Common inclusive emails

  • The last email in a thread - the last email in a particular thread is marked inclusive, because any text added in this last email (even just a "forwarded" indication) will be unique to this email and this one alone. If nobody used attachments, and nobody ever changed the subject line, or went "below the line" to change text, this would be the only type of inclusiveness.
  • The end of attachments - when an email has attachments, and the recipient replies, the attachments are often dropped. For this reason, the end of the thread will not contain all of the text and attachments of the email. Structured Analytics will flag one of the emails containing the attachments as inclusive.
  • Change of text - it's not completely unheard of for an unethical employee to try to cover their behavior by modifying an original email during a reply. So if Person A tells Person B, "You may not use company funds to buy yourself a new hat", Person B might remove the word "not" and forward the email to Finance, claiming that he had prior permission from Person A to expense his new sombrero. In this case, the Analytics engine would recognize that the email from Person A to Person B contained different text than that from Person B to Finance, and flag both emails as inclusive. Note that this "change of text" rule can apply to situations other than employee malfeasance. So-called "inline replies", where someone writes "answers below" and then types in the body of a previous email's text is one example . Another common example is emails that have been processed by a non-standard processing engine. For instance, if a processing tool applies a Bates stamp to the top of each page's extracted text, then a forwarded email will not contain the Bates stamp of the original embedded in its own text, and will thus mark all emails as inclusive. The solution is to process cleanly or to apply Regex filters to remove extraneous text.
  • Change of sender or time - if the Analytics engine finds what seems like a prior email, but the sender or time of that email doesn't match what's expected, it can trigger an extra inclusiveness tag. Note that there is a certain amount of tolerance built in for things like different email address display formats ("Einstein, Albert" versus "Albert Einstein" versus "albert.einstein@example.com"). There is also the understanding that date stamps can be deceiving due to clock discrepancies on different email servers and time zone changes.

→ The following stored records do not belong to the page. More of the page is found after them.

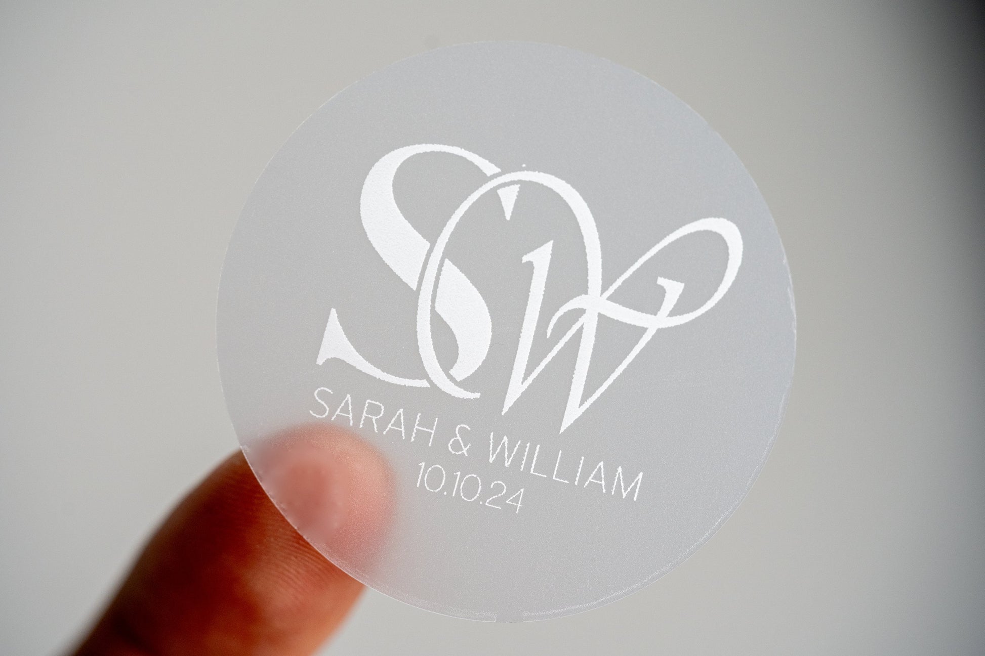 Add a touch of sophistication to your wedding favours, invitations or décor with this custom monogram wedding sticker. Printed on a sleek clear background with crisp white ink. This minimalist wedding sticker features your personalised initials, the names of the happy couple and the date of the special day displayed below. Perfect for modern or classic wedding themes, this chic wedding decal is a timeless keepsake. Ideal for sealing envelopes, decorating favours, or adding a stylish touch to any event. Order your custom wedding stickers today!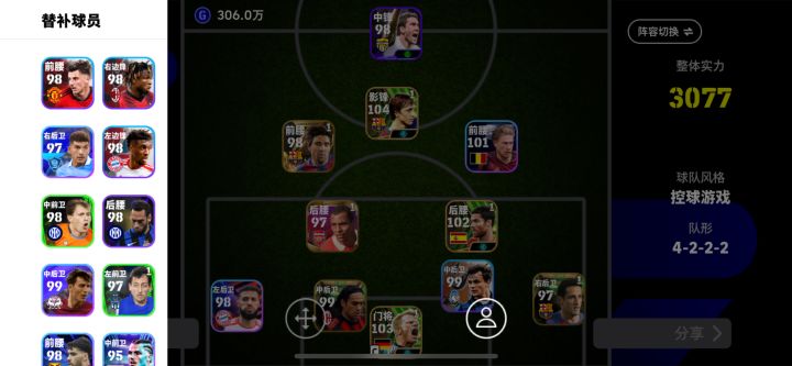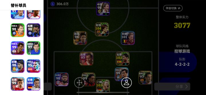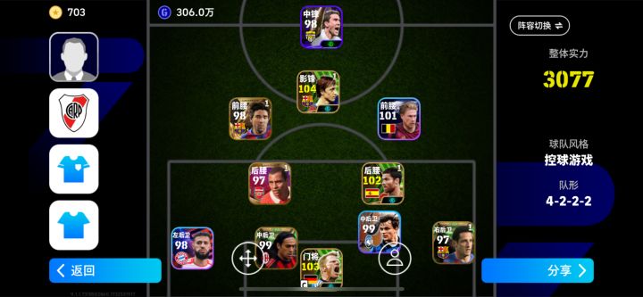 hello hello小伙伴们,我是一名实况足球0氪玩家,现在阵容如图所示。每天所有基础任务拉满这是必须的,另外刚开始新手玩家阵容不行操作不行踢不了手动天梯的话,一定要踢教练天梯,奖励很丰富。还有两个获得奖励的渠道,一个是tap活动一个是大神各种签到活动,只要你把这两个活动做好,每个月多几百金币没问题,另外tap的签到活动非常好,十连券大大滴有。微信关注实况足球公众号,签到拿积分也可以换金币。慢慢发掘获得道具培养自己的球星,这种乐趣不是氪金能代替的。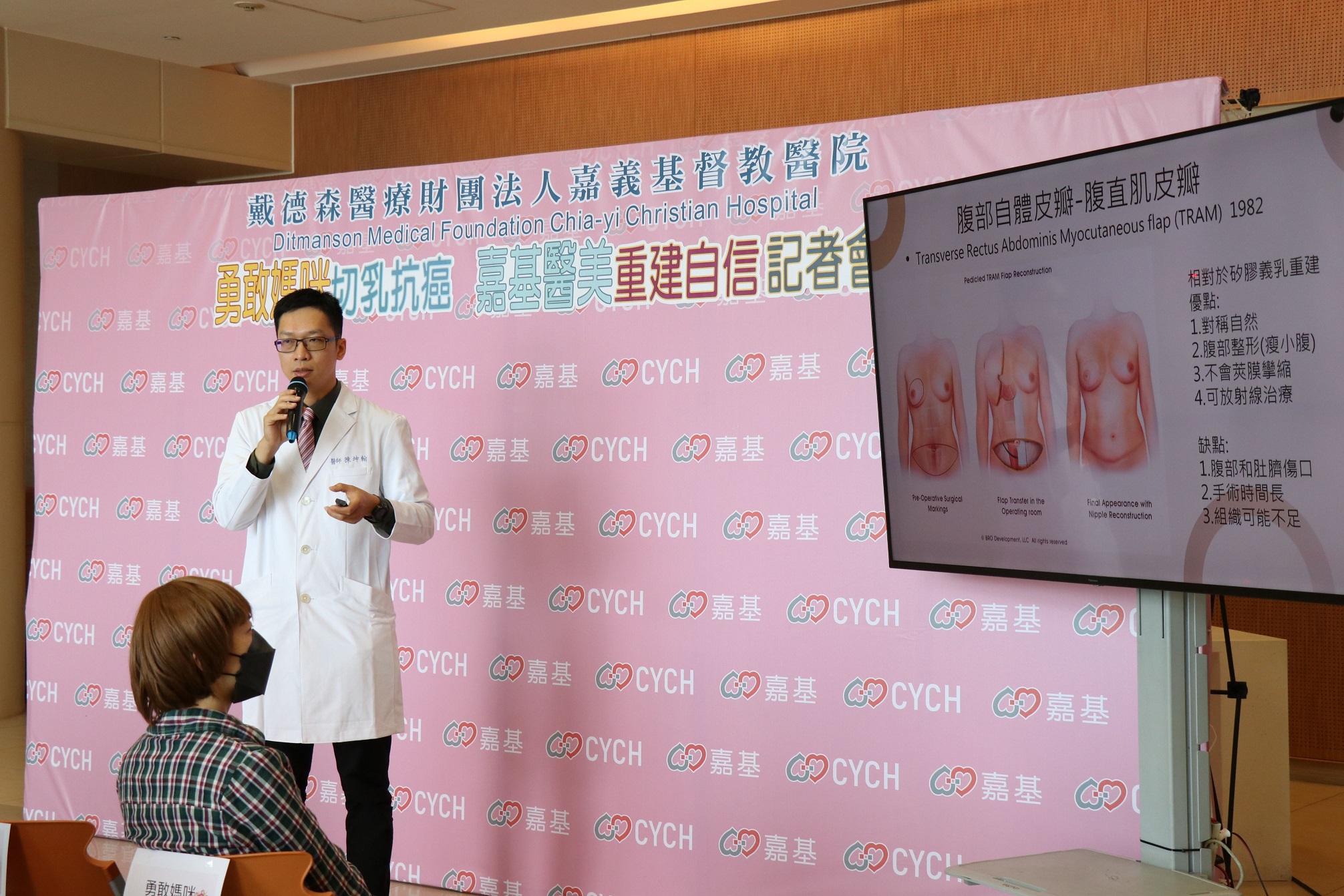 陳坤翰主任表示:世界衛生組織將乳癌歸類於可治癒疾病,且女性乳癌長年居女性癌症第一名,所幸台灣在政府大力篩檢及醫療進步的環境下,國內乳癌五年的存活率可高達90%以上,在乳癌診斷後的治療,包含手術切除、放射線治療、化學治療及賀爾蒙治療等。手術切除仍是乳癌主要治療手段,除特殊情況之外,以全乳房切除為主。而乳房是非常重要的女性性別特徵,對於女性身心靈健全有不可或缺的地位,且在全乳房切除後,會因缺損導致肩部活動不順及穿衣不方便是很顯著的。院長姚維仁也說:嘉基自2012年開始執行腹部自體皮瓣手術,提供雲嘉南地區女性在全乳房切除後重建的選擇,迄今已超過200例,成功率達99.5%,不亞於醫學中心及全世界各大乳房重建中心。

    Note: Inclusiveness doesn't consider recipients. It's possible for two emails to have different recipients but the same content and for either of them to receive the inclusive designation.

  • Duplication - while not necessarily a reason for inclusiveness, when duplicate emails exist, either both or neither are marked inclusive by Structured Analytics. Duplicates most commonly occur in a situation where person A sends an email to B and to C, and you collect data from two or more of the three people. To avoid redundant review, you should look at the Email Duplicate Spare field. This will be set to Yes for all but one duplicate in each group of duplicate emails. So the rule should not just be to review the inclusives and their attachments, but rather to review the inclusives and their attachments while skipping the duplicate spares and their attachments.

    Note: Blank attachments are considered unique by the Analytics engine. A duplicate email with a blank attachment is considered inclusive.

  • Draft emails - draft emails are considered unique and are always marked inclusive. They are not considered for duplicate spare analysis.